*SUPPLIED RECORDS*:
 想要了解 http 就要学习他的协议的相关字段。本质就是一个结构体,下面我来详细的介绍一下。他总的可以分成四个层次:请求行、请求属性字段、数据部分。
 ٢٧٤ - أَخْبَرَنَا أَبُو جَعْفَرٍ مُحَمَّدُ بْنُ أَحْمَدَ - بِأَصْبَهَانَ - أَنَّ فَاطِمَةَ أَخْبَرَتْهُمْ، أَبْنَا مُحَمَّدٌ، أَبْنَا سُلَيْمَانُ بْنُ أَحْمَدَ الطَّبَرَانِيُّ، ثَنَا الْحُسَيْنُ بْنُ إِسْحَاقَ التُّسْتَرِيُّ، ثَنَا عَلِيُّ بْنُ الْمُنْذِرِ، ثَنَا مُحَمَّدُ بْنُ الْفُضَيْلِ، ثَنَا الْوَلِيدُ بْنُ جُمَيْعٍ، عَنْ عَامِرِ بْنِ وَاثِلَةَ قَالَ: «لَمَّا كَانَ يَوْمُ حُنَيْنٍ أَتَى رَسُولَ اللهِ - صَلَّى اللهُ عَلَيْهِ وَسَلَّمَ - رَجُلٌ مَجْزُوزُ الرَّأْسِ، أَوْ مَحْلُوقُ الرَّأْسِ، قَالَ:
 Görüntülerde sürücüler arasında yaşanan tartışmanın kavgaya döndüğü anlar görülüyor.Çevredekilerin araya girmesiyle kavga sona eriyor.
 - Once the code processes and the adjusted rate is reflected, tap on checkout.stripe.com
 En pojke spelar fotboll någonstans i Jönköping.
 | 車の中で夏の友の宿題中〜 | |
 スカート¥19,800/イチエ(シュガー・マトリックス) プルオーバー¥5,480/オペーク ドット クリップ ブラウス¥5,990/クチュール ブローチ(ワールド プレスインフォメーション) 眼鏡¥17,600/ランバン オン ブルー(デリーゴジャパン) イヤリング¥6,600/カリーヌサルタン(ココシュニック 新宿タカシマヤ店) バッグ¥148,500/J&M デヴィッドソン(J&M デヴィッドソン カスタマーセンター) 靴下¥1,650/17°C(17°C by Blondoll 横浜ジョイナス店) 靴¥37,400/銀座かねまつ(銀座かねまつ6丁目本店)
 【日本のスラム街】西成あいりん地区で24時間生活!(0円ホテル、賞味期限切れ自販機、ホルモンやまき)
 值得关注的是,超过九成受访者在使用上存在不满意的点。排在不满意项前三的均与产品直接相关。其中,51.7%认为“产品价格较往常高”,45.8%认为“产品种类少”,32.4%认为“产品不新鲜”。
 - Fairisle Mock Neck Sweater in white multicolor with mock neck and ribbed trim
---
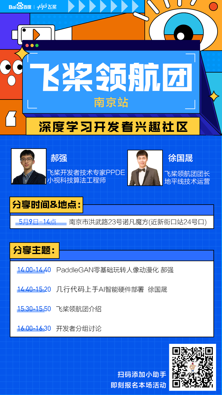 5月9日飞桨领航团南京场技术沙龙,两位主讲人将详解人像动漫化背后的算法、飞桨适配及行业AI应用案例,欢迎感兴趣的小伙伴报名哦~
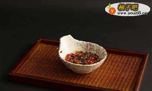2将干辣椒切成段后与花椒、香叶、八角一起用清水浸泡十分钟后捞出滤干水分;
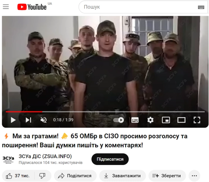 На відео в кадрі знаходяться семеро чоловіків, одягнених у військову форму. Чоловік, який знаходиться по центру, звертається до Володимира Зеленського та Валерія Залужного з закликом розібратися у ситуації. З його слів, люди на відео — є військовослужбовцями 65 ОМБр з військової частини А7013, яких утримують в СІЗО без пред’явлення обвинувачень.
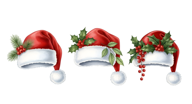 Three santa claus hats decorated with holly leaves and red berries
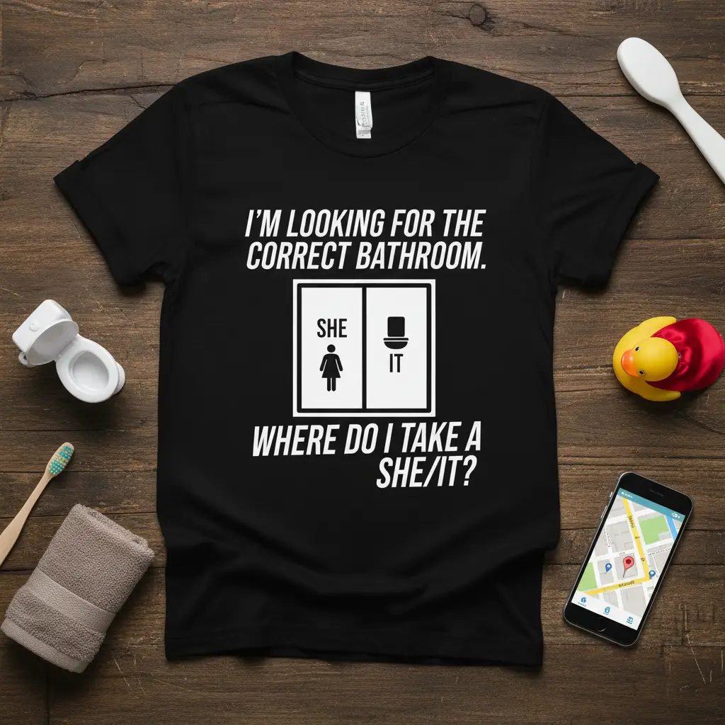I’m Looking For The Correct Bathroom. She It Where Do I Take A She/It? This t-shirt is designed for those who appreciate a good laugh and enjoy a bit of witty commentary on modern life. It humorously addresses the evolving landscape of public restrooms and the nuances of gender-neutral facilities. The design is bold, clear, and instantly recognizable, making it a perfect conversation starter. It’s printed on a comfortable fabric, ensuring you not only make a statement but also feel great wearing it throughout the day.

*WORK REQUIRED*:
Using the records above, return verbatim only the part that opens with the line containing "Three santa claus" and closes with the line containing "I’m Looking For"; pictures stay out.

*EXERCISE RESULT*:
 Three santa claus hats decorated with holly leaves and red berries
I’m Looking For The Correct Bathroom. She It Where Do I Take A She/It? This t-shirt is designed for those who appreciate a good laugh and enjoy a bit of witty commentary on modern life. It humorously addresses the evolving landscape of public restrooms and the nuances of gender-neutral facilities. The design is bold, clear, and instantly recognizable, making it a perfect conversation starter. It’s printed on a comfortable fabric, ensuring you not only make a statement but also feel great wearing it throughout the day.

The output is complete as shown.